Top of DATA TO USE

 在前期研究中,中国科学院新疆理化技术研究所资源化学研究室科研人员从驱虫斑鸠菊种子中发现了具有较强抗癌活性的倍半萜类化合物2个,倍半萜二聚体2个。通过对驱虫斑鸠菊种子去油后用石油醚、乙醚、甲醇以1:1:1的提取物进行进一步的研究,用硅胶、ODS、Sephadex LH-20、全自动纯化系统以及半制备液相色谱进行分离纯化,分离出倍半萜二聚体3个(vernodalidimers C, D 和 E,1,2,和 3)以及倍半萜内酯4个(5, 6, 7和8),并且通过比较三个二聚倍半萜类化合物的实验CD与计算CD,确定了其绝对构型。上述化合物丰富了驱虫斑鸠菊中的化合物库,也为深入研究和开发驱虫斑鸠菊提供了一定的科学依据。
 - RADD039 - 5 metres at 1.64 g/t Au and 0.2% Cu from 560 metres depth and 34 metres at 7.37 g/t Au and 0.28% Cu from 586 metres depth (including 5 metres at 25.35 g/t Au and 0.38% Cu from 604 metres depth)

Bottom of DATA TO USE
Top of DATA TO USE

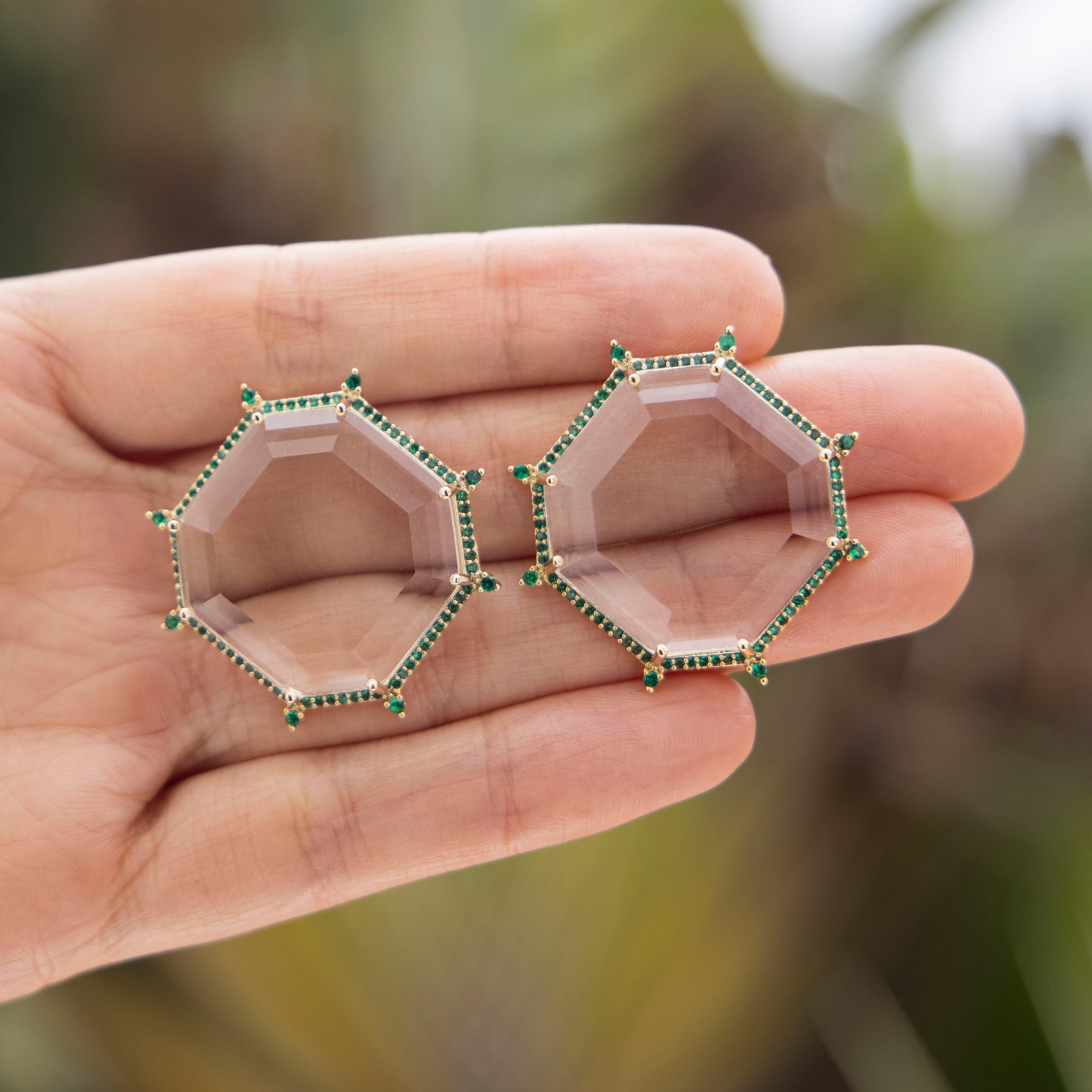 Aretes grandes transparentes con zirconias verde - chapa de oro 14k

Bottom of DATA TO USE
Top of DATA TO USE

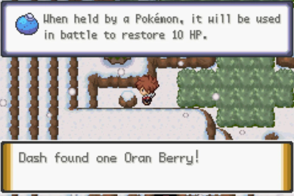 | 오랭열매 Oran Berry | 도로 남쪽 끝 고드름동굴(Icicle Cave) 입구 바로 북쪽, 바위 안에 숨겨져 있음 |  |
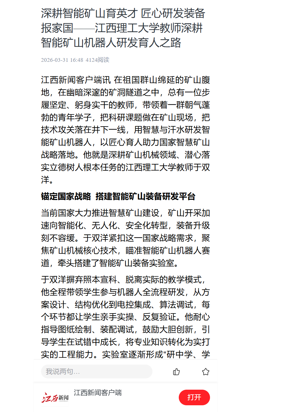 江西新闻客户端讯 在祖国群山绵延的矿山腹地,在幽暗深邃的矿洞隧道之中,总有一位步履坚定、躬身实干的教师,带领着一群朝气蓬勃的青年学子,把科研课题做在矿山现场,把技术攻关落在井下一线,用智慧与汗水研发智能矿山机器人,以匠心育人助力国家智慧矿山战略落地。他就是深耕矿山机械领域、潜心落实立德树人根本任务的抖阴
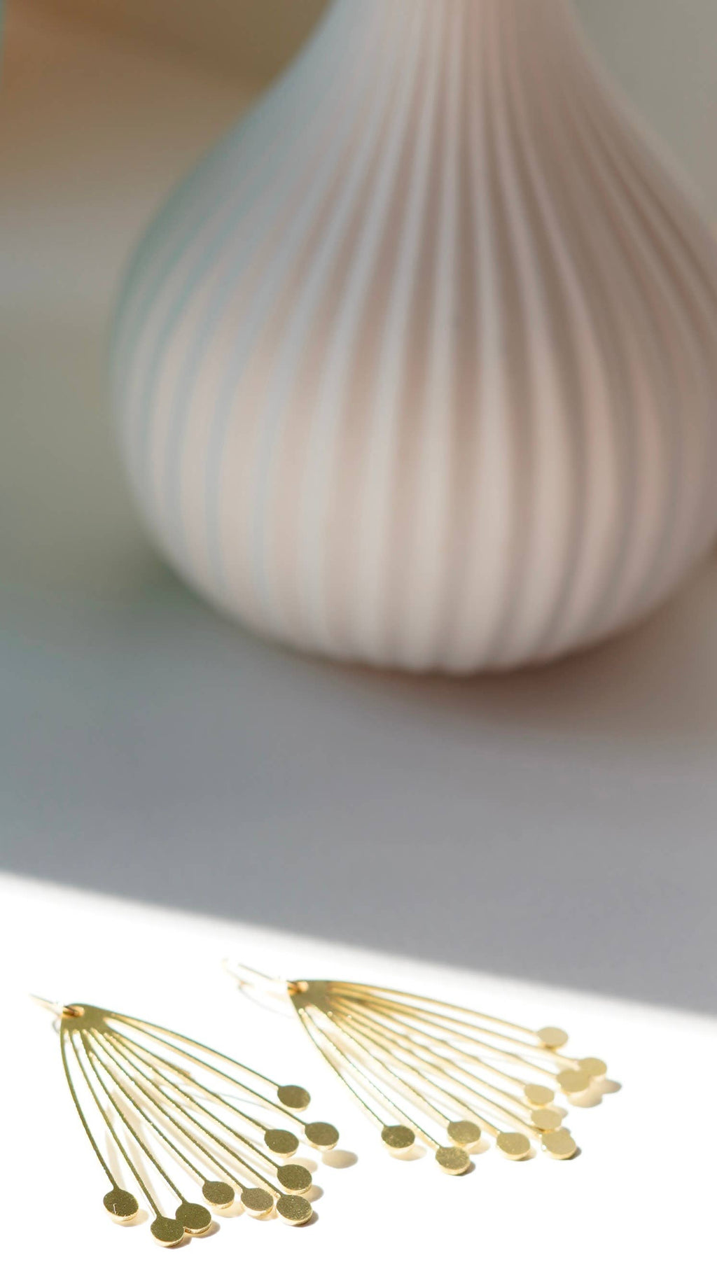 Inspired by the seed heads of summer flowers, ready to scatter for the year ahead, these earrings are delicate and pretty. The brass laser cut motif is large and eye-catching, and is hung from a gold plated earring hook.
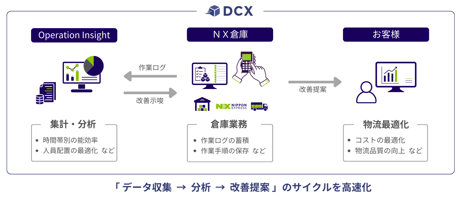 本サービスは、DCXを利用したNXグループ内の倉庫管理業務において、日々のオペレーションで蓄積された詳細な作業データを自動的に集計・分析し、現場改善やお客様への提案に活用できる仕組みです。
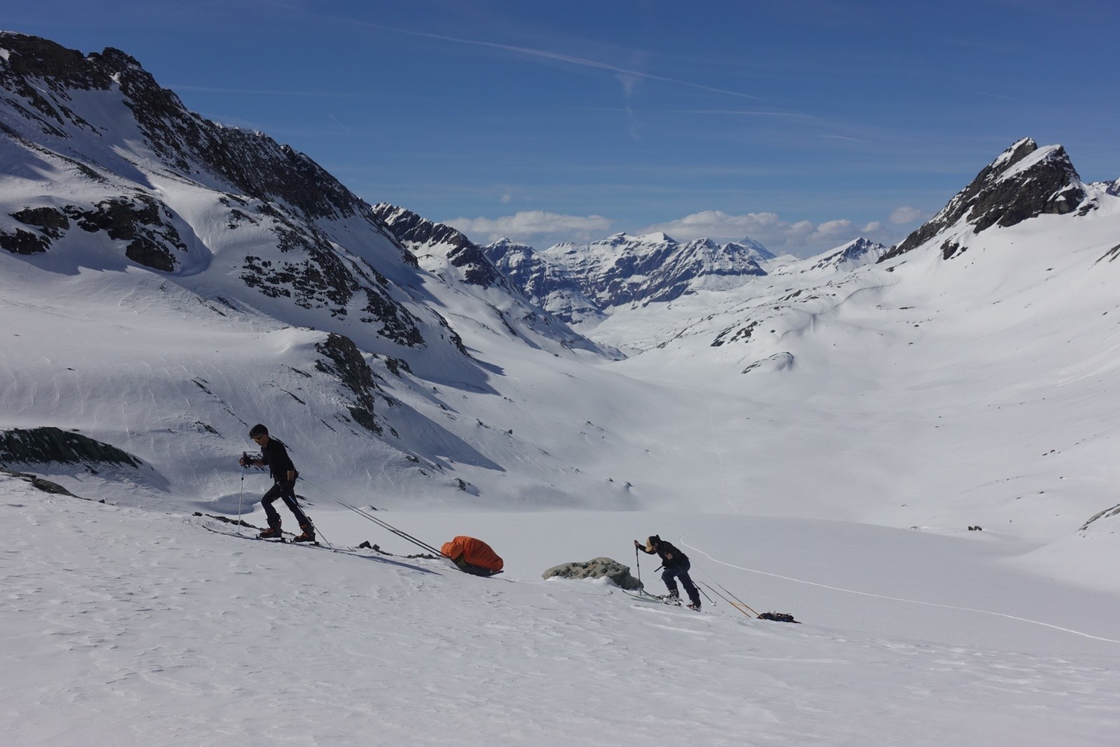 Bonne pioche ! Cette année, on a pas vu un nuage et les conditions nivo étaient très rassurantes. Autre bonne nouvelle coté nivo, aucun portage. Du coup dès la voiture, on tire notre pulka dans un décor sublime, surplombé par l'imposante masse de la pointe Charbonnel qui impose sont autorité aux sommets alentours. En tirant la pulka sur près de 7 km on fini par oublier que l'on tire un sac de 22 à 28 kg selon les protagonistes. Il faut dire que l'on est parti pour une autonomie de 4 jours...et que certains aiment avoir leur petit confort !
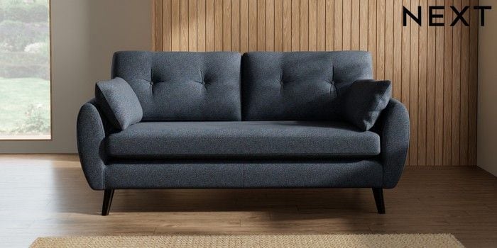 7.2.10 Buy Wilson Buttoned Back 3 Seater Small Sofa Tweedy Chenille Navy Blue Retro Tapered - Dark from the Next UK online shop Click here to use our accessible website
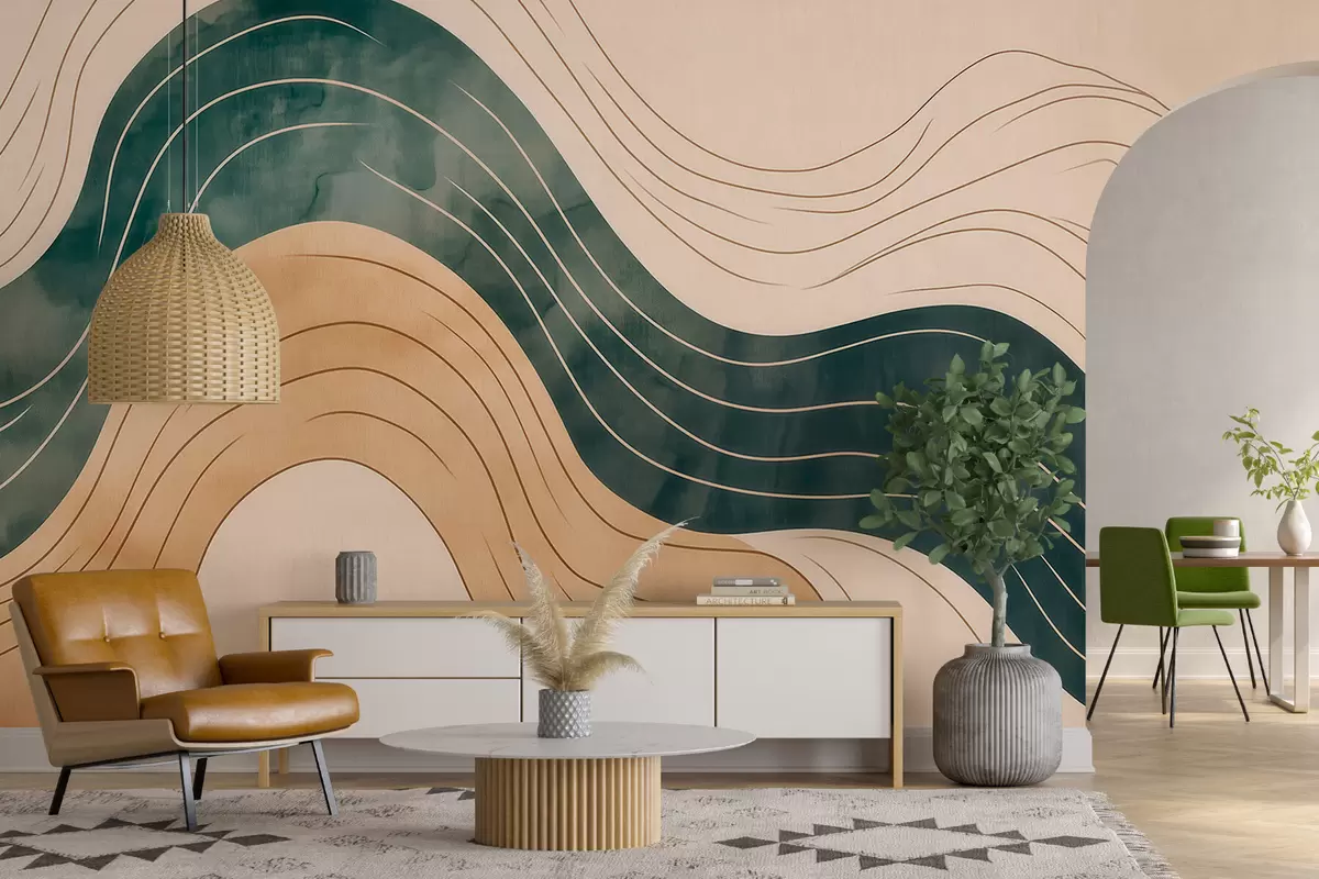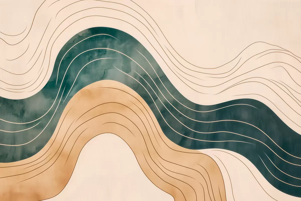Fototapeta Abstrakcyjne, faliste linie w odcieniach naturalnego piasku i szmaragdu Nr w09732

Bottom of DATA TO USE

- _PROBLEM REQUIREMENTS_
How would the lines above read from the one with "江西新闻客户端讯 在祖国群山" to the one with "本サービスは、DCXを利用し", inclusive, with no pictures? Write them out exactly.

- _RESPONSE TO THIS TASK_
 江西新闻客户端讯 在祖国群山绵延的矿山腹地,在幽暗深邃的矿洞隧道之中,总有一位步履坚定、躬身实干的教师,带领着一群朝气蓬勃的青年学子,把科研课题做在矿山现场,把技术攻关落在井下一线,用智慧与汗水研发智能矿山机器人,以匠心育人助力国家智慧矿山战略落地。他就是深耕矿山机械领域、潜心落实立德树人根本任务的抖阴
 Inspired by the seed heads of summer flowers, ready to scatter for the year ahead, these earrings are delicate and pretty. The brass laser cut motif is large and eye-catching, and is hung from a gold plated earring hook.
 本サービスは、DCXを利用したNXグループ内の倉庫管理業務において、日々のオペレーションで蓄積された詳細な作業データを自動的に集計・分析し、現場改善やお客様への提案に活用できる仕組みです。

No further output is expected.